Fourteen years later, Senator Arlen Specter brought an amendment to the Lautenberg amendment, which was passed by Congress for the Appropriations Act of 2004. This adds a category of Iranian nationals, specifically religious minorities, in the category of refugees who have “a strong likelihood of qualifying for admission as refugees due to well established histories of persecution” but again does not exclude other categories.
The Specter amendment remained in force for 14 years after it was included in the annual Consolidated Appropriations acts, but it was not enacted for 2019.
Full text of the Lautenberg Amendment, No. 367 (Senate – July 20, 1989)
Section 1. (a)(1) the Attorney General is directed to establish, in consultation with the Secretary of State, standard profiles of refugee applicants which would identify applicants with a strong likelihood of qualifying for admission as refugees due to well established histories of persecution, pursuant to section 207 of the Immigration and Nationality Act; and
(2) these categories shall include Soviet nationals who are Jews or Evangelical Christians or Ukrainian Catholics or Ukrainian Orthodox, and holders of Letters of Introduction in the Orderly Departure Program in Vietnam, who do not immediately qualify for immigrant visas, and may include other groups of refugee applicants for which such standard profiles would be appropriate.

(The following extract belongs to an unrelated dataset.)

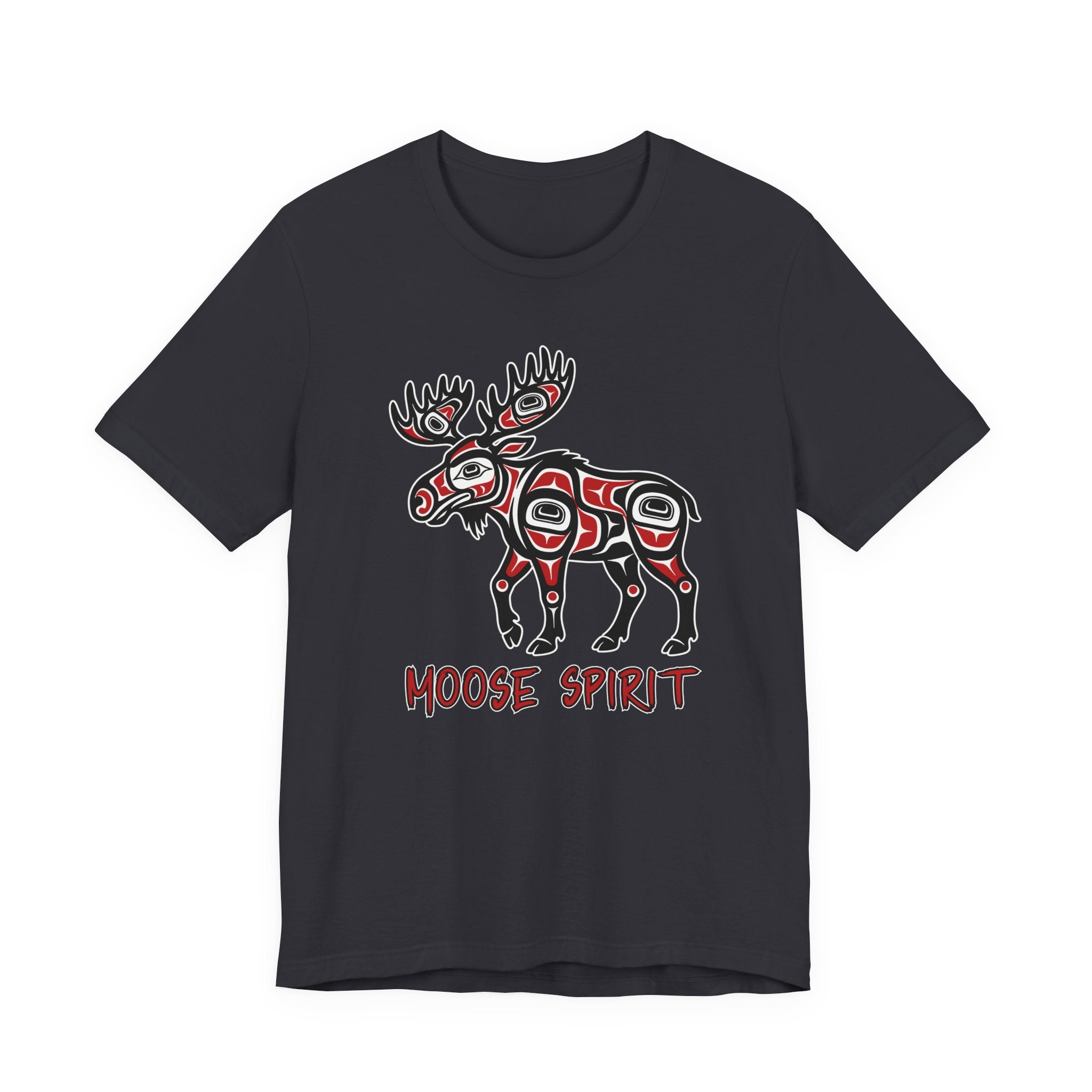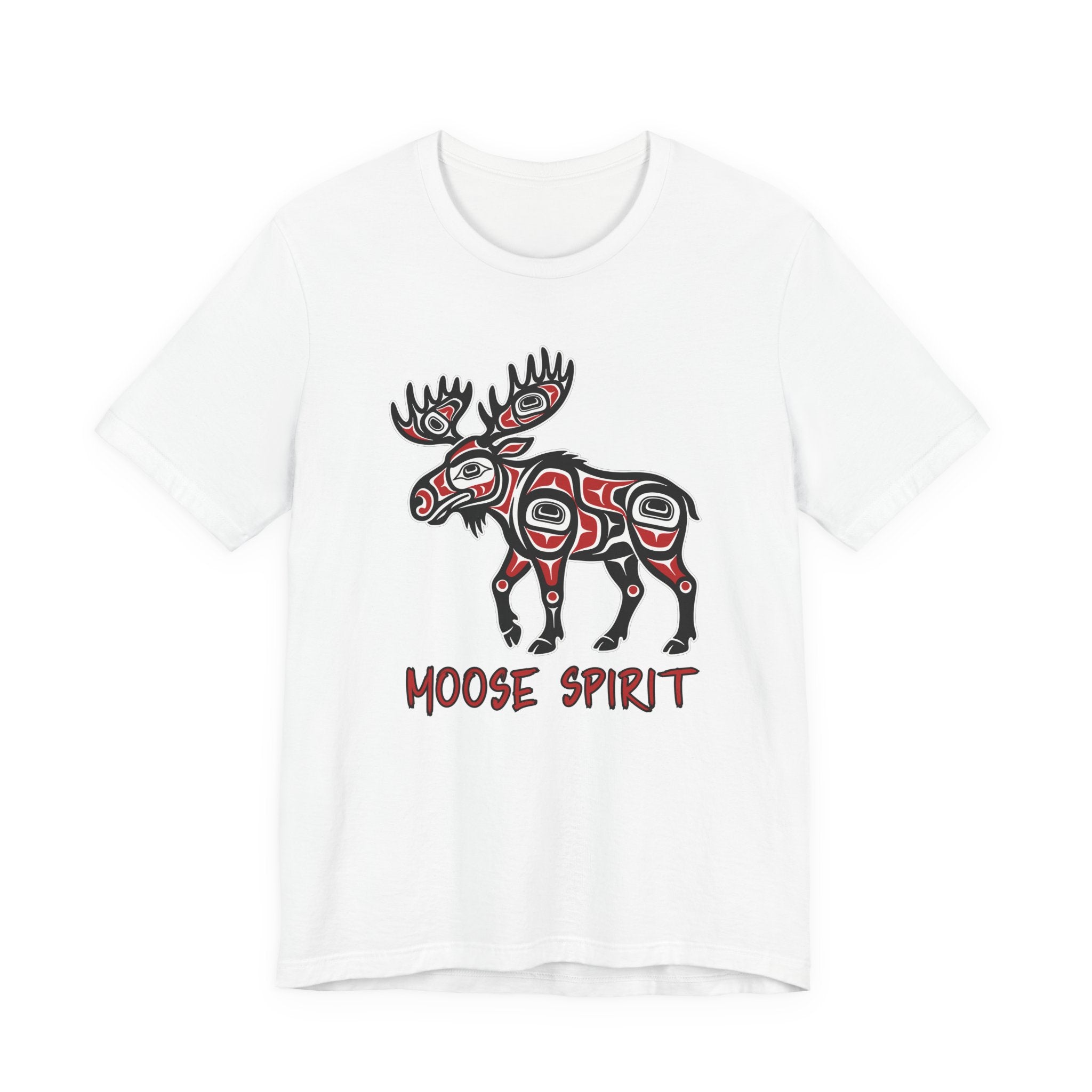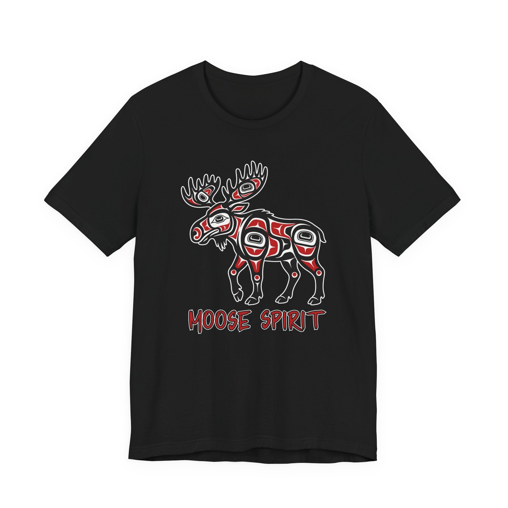Pair this striking t-shirt with dark wash jeans, cargo pants, or even a casual skirt to let the design take center stage. Layer it under a denim jacket or flannel shirt for an added touch of rugged style. Embrace the profound cultural artistry and the powerful "Moose Spirit" with this unique and meaningful addition to your wardrobe.

(b) If a refugee applicant is within any of the standard profiles, he or she may qualify for refugee status by demonstrating one of the following:
(1) acts of mistreatment, or prejudicial actions against him or her personally such as, but not limited to:
(A) inability to study or practice religious beliefs or ethnic heritage, or
(B) denial of access to educational, vocational or technical institutions for which he or she is otherwise qualified, based on membership in one of the above standard profiles; or
(C) adverse treatment in the workplace stemming from prejudicial attitudes toward members of his or her standard profile, or
(2) acts of persecution committed against other persons in his or her standard profile, in his or her geographical locale, or acts, regardless of locale, which give rise to a well-founded fear of persecution, or
(3) instances of mistreatment or prejudicial actions based on his or her personal request to depart the Soviet Union or Vietnam, including, but not limited to, loss of home, job, or educational opportunity.

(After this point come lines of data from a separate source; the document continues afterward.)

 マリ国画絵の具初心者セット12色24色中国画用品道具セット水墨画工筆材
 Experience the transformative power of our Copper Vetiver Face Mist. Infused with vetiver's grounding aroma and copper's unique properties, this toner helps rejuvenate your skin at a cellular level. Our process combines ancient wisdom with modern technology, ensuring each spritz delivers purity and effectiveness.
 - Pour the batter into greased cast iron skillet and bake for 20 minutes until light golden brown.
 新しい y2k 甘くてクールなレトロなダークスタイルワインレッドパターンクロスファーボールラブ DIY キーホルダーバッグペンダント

(c) Decisions made to deny applications for refugee status shall be made in writing and shall state, to the maximum extent feasible, the reasons why the application was denied.

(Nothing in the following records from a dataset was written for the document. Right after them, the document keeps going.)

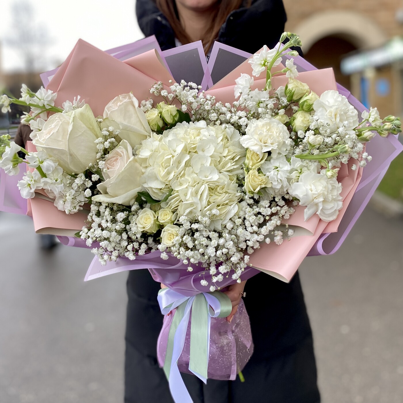 Нежный букет на день рождения, маме или любимой. В состав букета входят белая гортензия, ароматная пионовидная роза и маттиола – сочетание этих ароматов делает этот букет незабываемым.
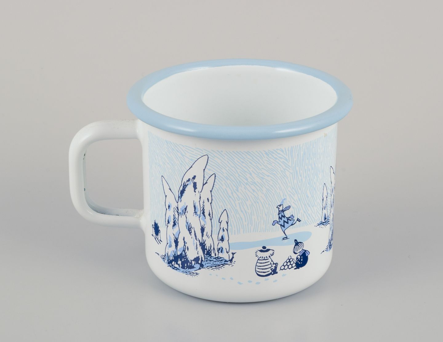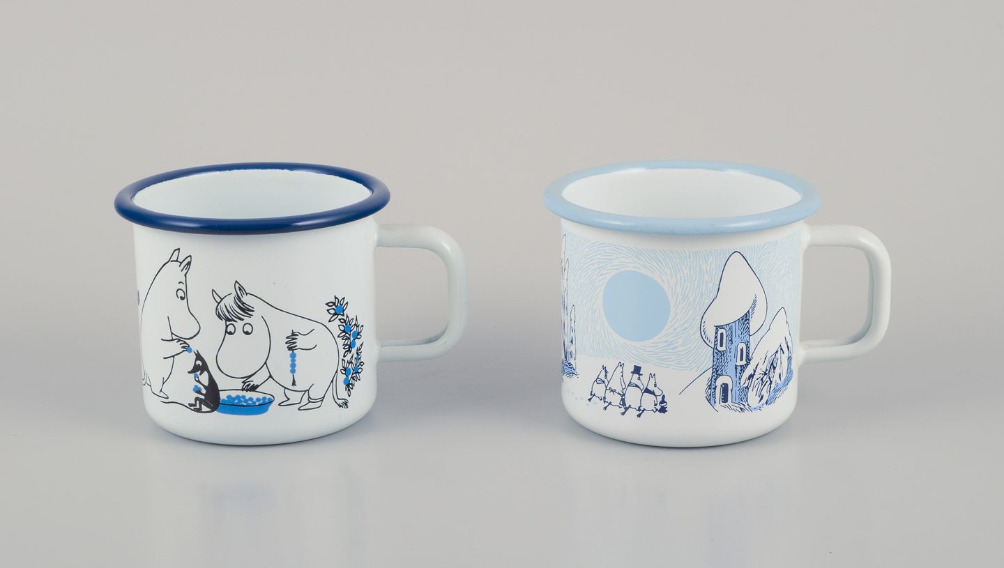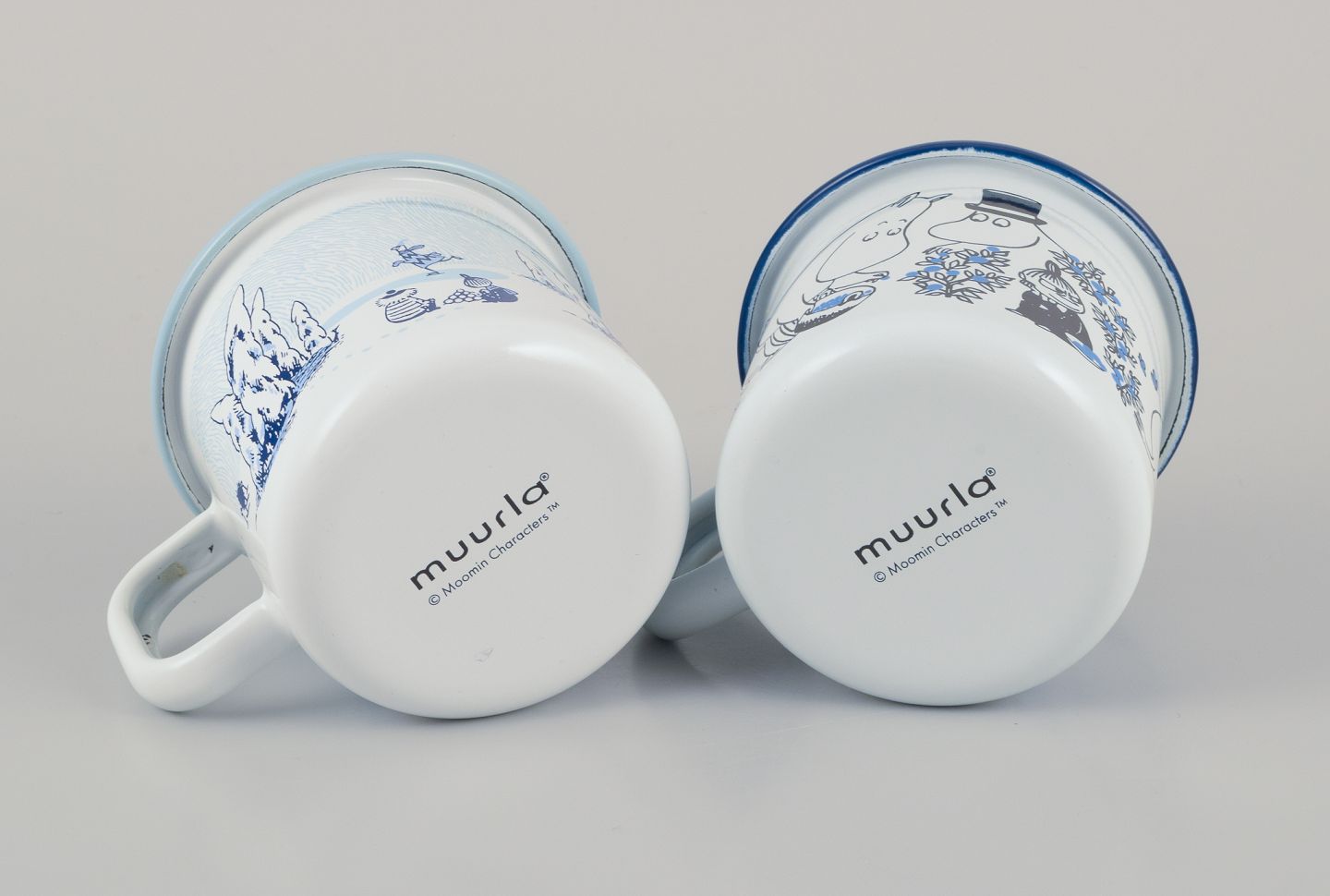 Muurla, Finland. To krus i emalje med hank. Motiv af Mumitrolde. 2000-tallet. Perfekt stand. Stemplet. Mål: D 9,5 cm. uden hank x H 8,0 cm.
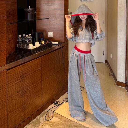【2点セット】3色/フーディーカシュクールトップス+マーメイドスカート ・12506
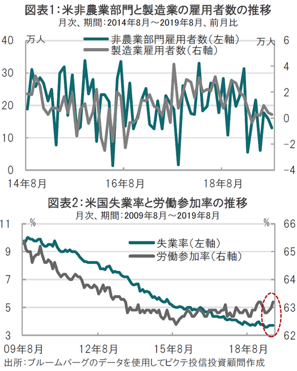 米労働省が2019年9月6日に発表した米国の8月雇用統計で、非農業部門雇用者数は前月比13万人増と、市場予想(16万人増)、前月(15.9万人増)を下回りました(図表1参照)。家計調査に基づく8月の失業率は3.7%でした。

(d) Aliens who fall within categories established by this Act, or by the Attorney General pursuant to this Act, and who have been denied refugee status between August 15, 1988 and the date of enactment of this Act, shall be eligible to reapply for refugee status under the terms of this Act.
(e) This section shall take effect on the date of the enactment of this Act and shall terminate on September 30, 1990.
Sec. 2. (a) The Attorney General shall, subject to the requirements in subsection (b) and (c) of this section, adjust to lawful permanent resident status those nationals of the Soviet Union or Vietnam who entered the United States on or after September 1, 1988 and before September 1, 1990, through the exercise of his public interest parole power after being denied refugee status.
(b) Soviet or Vietnamese nationals described in this section shall not be eligible for adjustment under subsection (a) unless–
(1) They have been physically present in the United States for at leat one year,
(2) they apply for adjustment within one year after the date upon which they become eligible for such adjustment, and
(3) they pay a fee to provide for the processing of their application, as determined by regulation by the Attorney General.
(c) Persons described in subsection (a) shall not be subject to the numerical limitations in section 201(a) or section 202(a) of the Immigration and Nationality Act, but shall be subject to the exclusions in section 212(a) of such Act (except for paragraphs (14) and (28)).